There is a big difference in how the body absorbs calcium in food compared to a calcium supplement. It takes time for the stomach to break down food, extract the calcium, and release it the bloodstream.
In comparison, calcium supplements are rapidly digested and flood the body with its entire daily recommended dose all at once. This can imbalance electrolytes in the blood and lead to irregular heart rhythm.
This may help explain why a new study by researchers at Johns Hopkins University found higher rates of heart damage and calcium-based plaque buildups among patients on calcium supplements.
The researchers also found lower rates of heart disease among people who ate lots of calcium-rich foods but did not take calcium supplements.
According to nutritionist John Anderson, Ph.D., and co-author of the report:
There is clearly something different in how the body uses and responds to supplements versus intake through diet that makes it riskier. It could be that supplements contain calcium salts, or it could be from taking a large dose all at once that the body is unable to process.”
The conclusions of the study were based on 10 years of medical tests on 2,700 patients. It was published in the Journal of the American Heart Association on October 11, 2016.

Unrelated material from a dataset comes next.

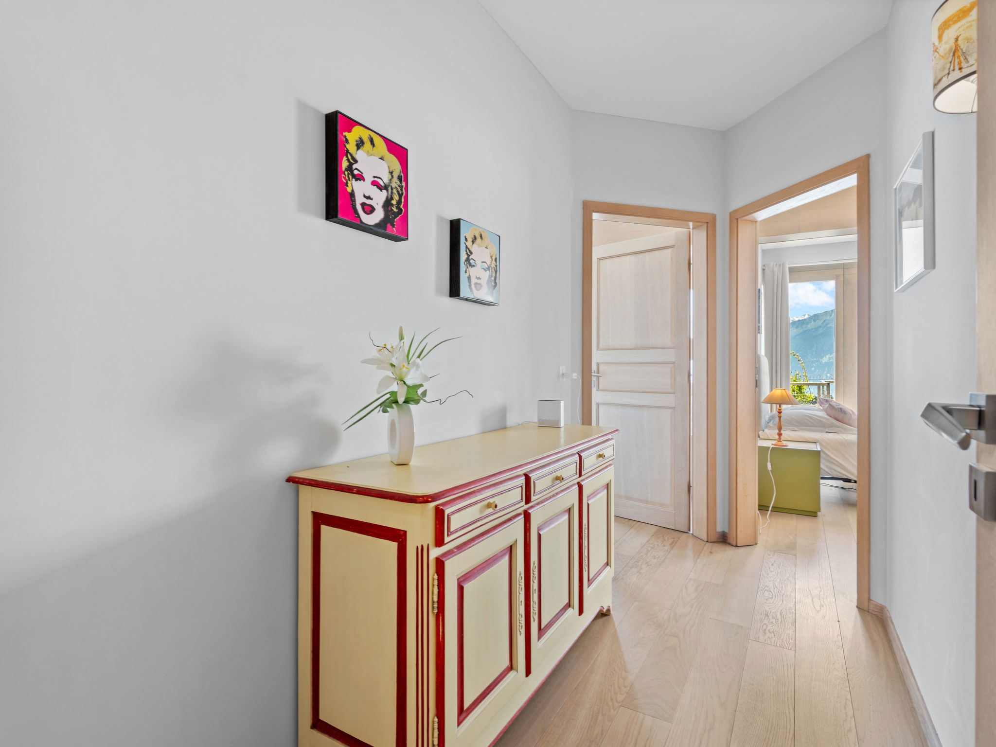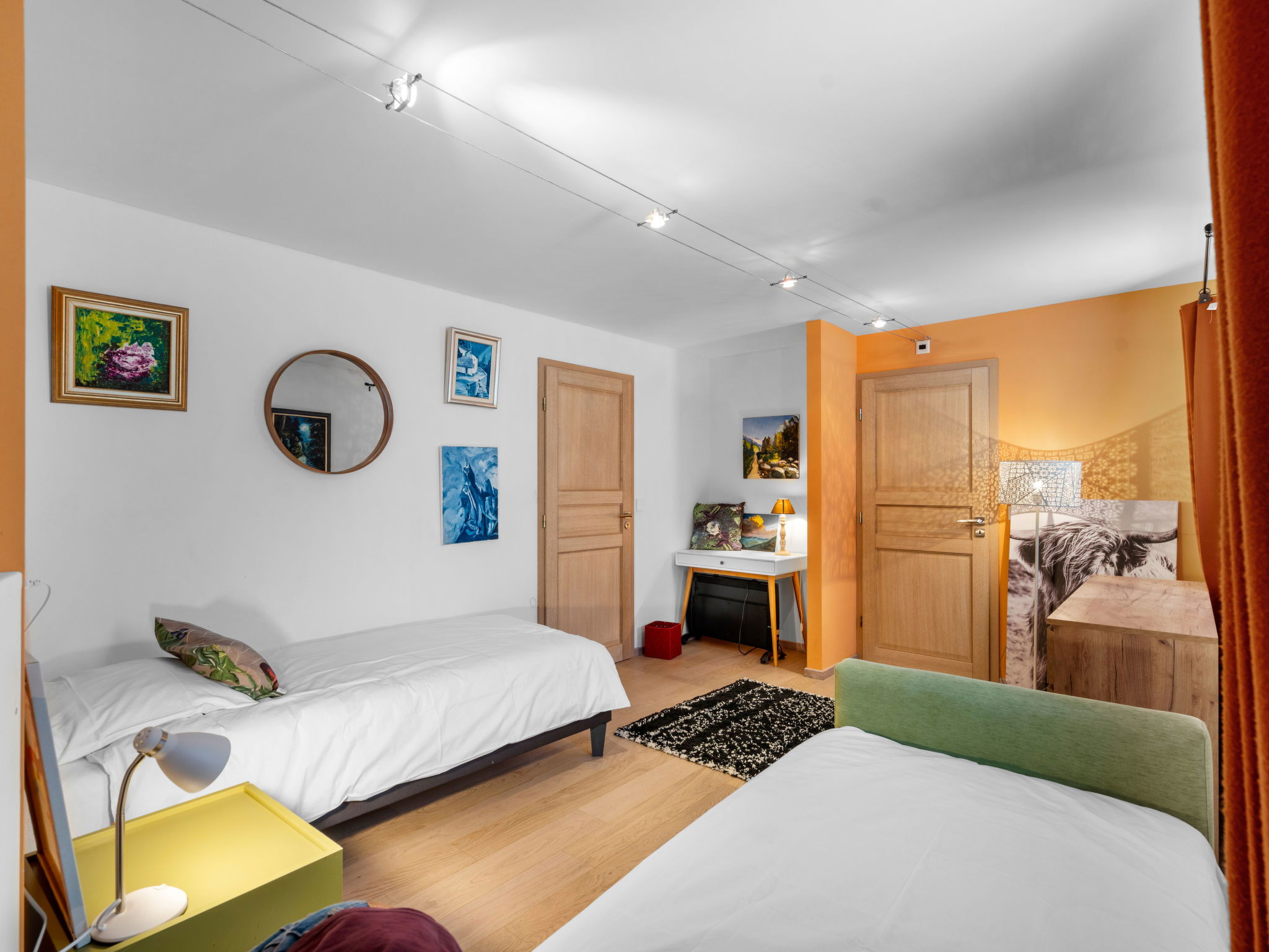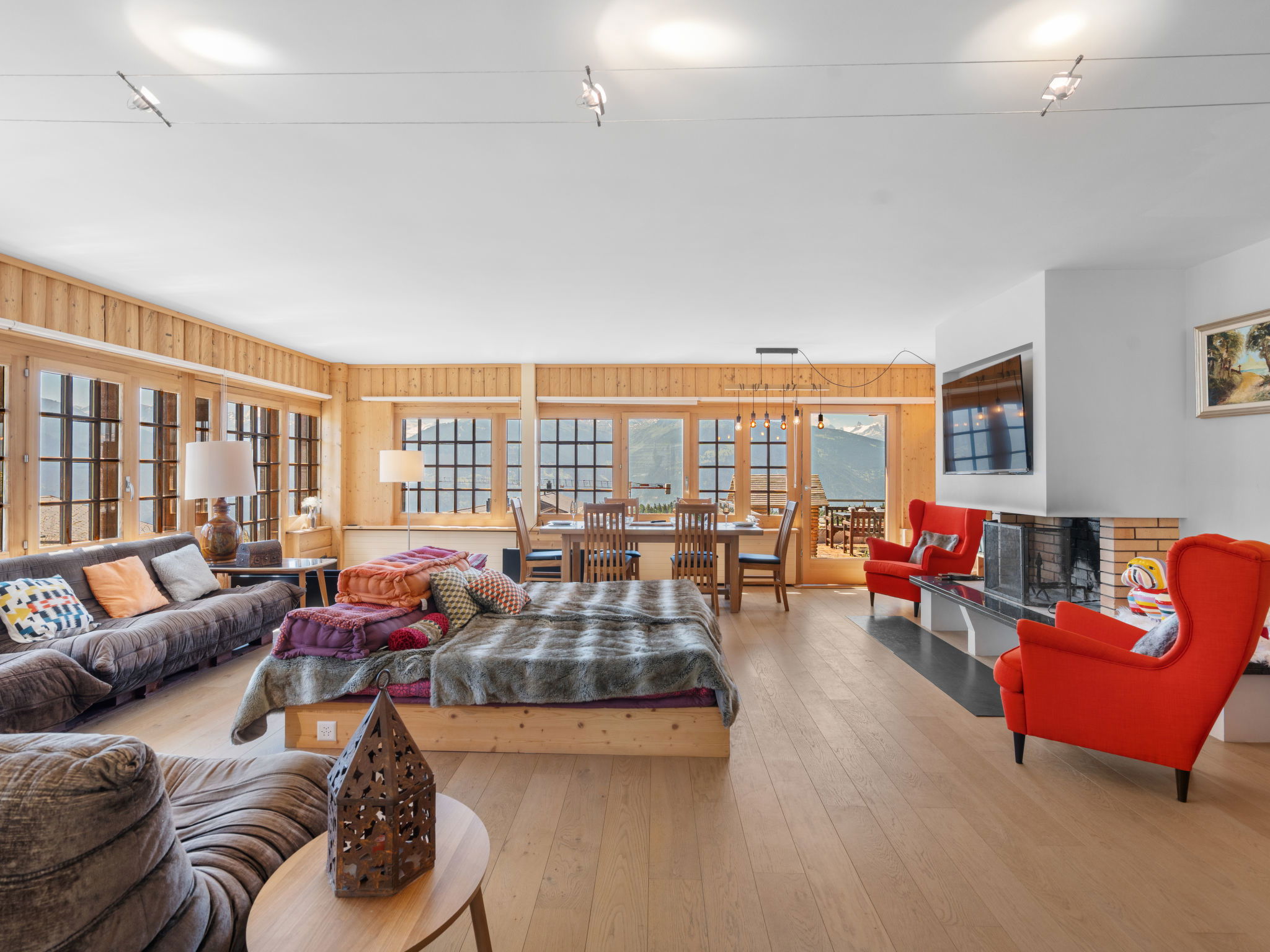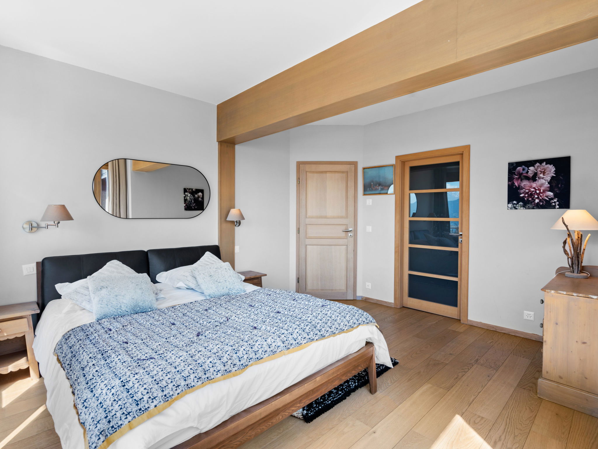 "Jeanne D'Arc LOFT COMBI", 10-room maisonette 350 m2, south facing position. Spacious, comfortable and tasteful furnishings: large living/dining room with open-hearth fireplace, dining table and cable TV. Exit to the terrace. 1 room with 1 french bed (160 cm, length 200 cm), bath/WC, double hand-basin and cable TV. 1 room with 2 beds (80 cm, length 200 cm), shower/WC. 1 room with 2 beds (80 cm, length 200 cm), shower/WC. Exit to the terrace. 1 room with 2 beds (90 cm, length 190 cm), shower/WC. 1 room with 1 french bed (160 cm, length 200 cm), bath/WC and double hand-basin. Exit to the terrace. 1 room with 1 double bed (2 x 90 cm, length 200 cm), shower/WC. Exit to the terrace. Open kitchen (oven, dishwasher, 4 ceramic glass hob hotplates, toaster, kettle, microwave, freezer, electric coffee machine, Capsules for coffee machine (Nespresso) extra, raclette grill, fondue Set (chinoise)) with bar. Sep. WC. On the lower ground floor: (spiral staircase) large playroom with bar. Large lounge. Sep. WC, Sauna. Large terrace 50 m2, south facing position, large terrace 50 m2, south facing position and, east facing position. Terrace furniture, barbecue (portable). Very beautiful panoramic view of the lake, the mountains, the valley and the countryside. Facilities: washing machine, dryer, iron, hair dryer. Internet (WiFi, free). Garage space n 21 (1 car) at 350 m, height 200 cm, width 290 cm. Please note: suitable for families. Non-smoking house. Private entrance, no lift. Combination (connecting door) from 2 apartments. Electric stairlift available.

An estimated 43% of American adults take supplements that include calcium, according to the National Institute of Health. Many hope it will decrease their risk of osteoporosis, a disease that weakens bones and increases the risk of fractures after falls, especially in older adults.
Because calcium deficiency contributes to osteoporosis, daily calcium intake of 1000- to 1200-mg per day is recommended for adults between the ages of 50 and 71 years old.
Every cup of 1% milk contains about 300-mg of calcium. Other foods high in calcium include cheese, leafy green vegetables, fish canned in their bones (sardines), almonds, oranges, beans, and many more.